My first pass results on a running App::Prove::History on a moderate sized test suite (with deliberate failures) are pleasantly surprising.
Without saving state via App::Prove::History:
Test Summary Report
-------------------
t/aggregate.t (Wstat: 2304 Tests: 7781 Failed: 9)
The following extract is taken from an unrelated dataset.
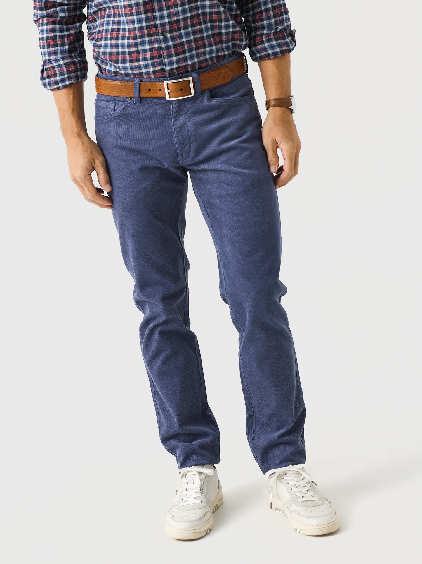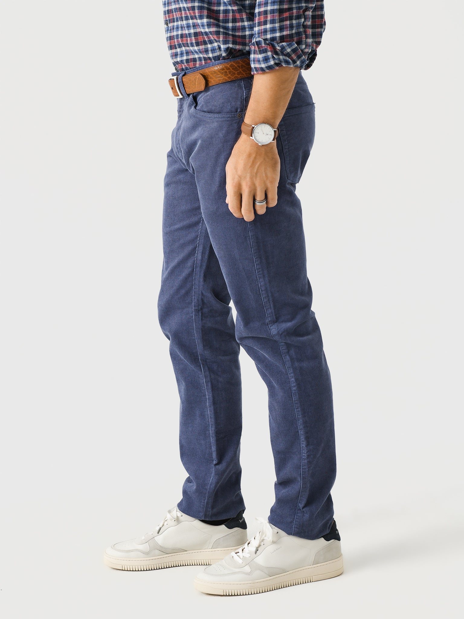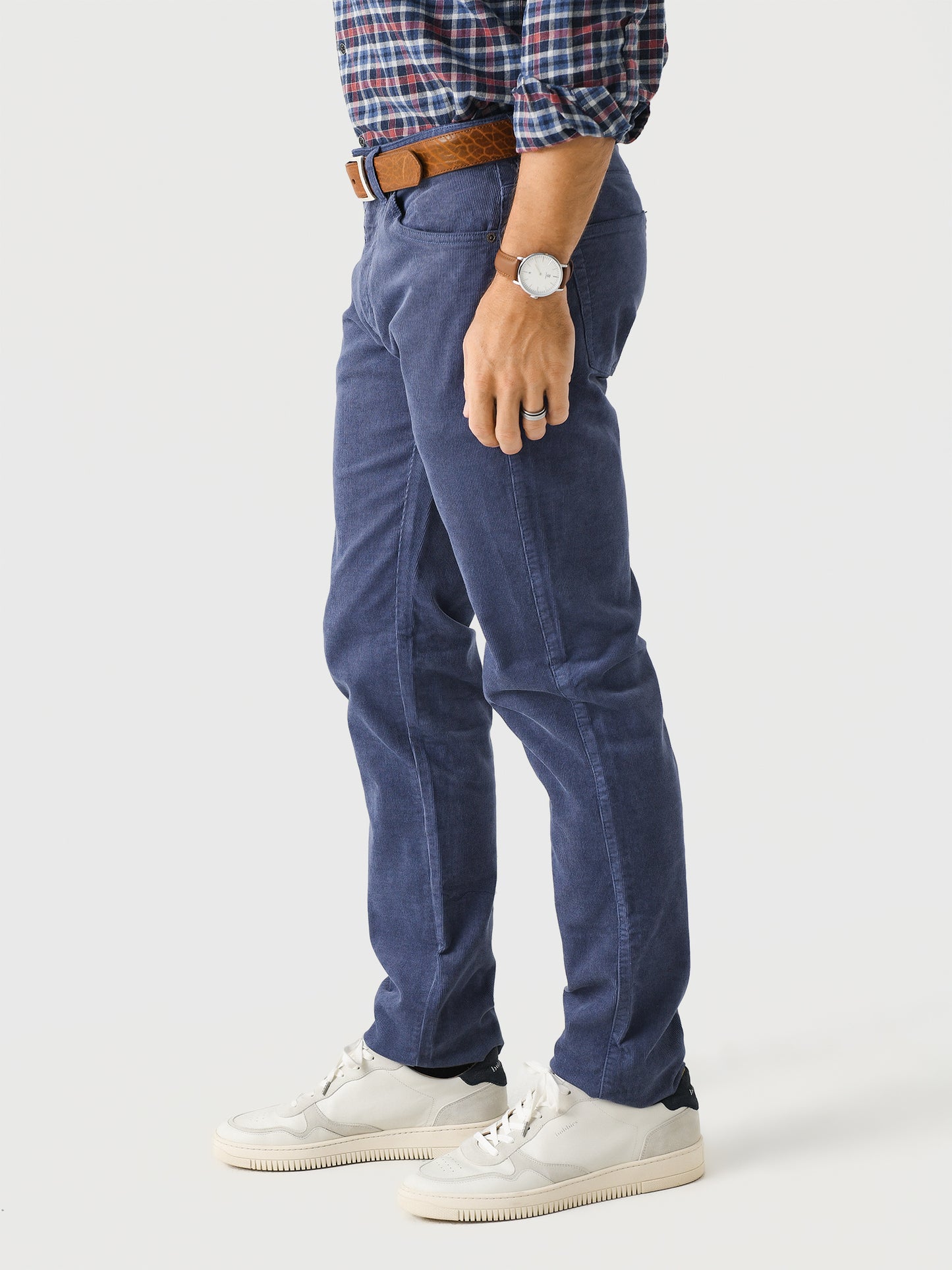 A casual five-pocket pant made from lightweight, thin wale corduroy fabric.

Failed tests: 2967, 2973, 2979, 2990, 5610, 5623, 5625
5793-5794
TODO passed: 5553, 5681, 5736, 5749
Non-zero exit status: 9
t/xml_fixtures_validate.t (Wstat: 17664 Tests: 342 Failed: 69)
Failed tests: 7-8, 10-13, 16-19, 27-35, 38, 40-49, 56-59
63, 65, 70, 72, 74, 77, 90, 92, 94, 97-109
173, 191, 226, 254, 280-287, 341
Non-zero exit status: 69
Files=28, Tests=9201, 496 wallclock secs ( 1.97 usr 0.23 sys + 386.81 cusr 16.08 csys = 405.09 CPU)
Result: FAIL
With saving state:
Test Summary Report
-------------------
t/xml_fixtures_validate.t (Wstat: 17664 Tests: 342 Failed: 69)
Failed tests: 7-8, 10-13, 16-19, 27-35, 38, 40-49, 56-59
63, 65, 70, 72, 74, 77, 90, 92, 94, 97-109
173, 191, 226, 254, 280-287, 341
Non-zero exit status: 69
t/aggregate.t (Wstat: 2304 Tests: 7781 Failed: 9)
Failed tests: 2967, 2973, 2979, 2990, 5610, 5623, 5625
5793-5794
TODO passed: 5553, 5681, 5736, 5749
Non-zero exit status: 9
Files=28, Tests=9201, 506 wallclock secs ( 2.03 usr 0.27 sys + 390.21 cusr 16.26 csys = 408.77 CPU)
Result: FAIL
496 wallclock seconds versus 506 wallclock seconds. I expect that my decision to keep everything lightweight and simple probably helped here, but I'm surprised that there's not more of a performance hit. In fact, without a few more test runs, a 2% slowdown might just be a fluke (even though there has to be some performance hit).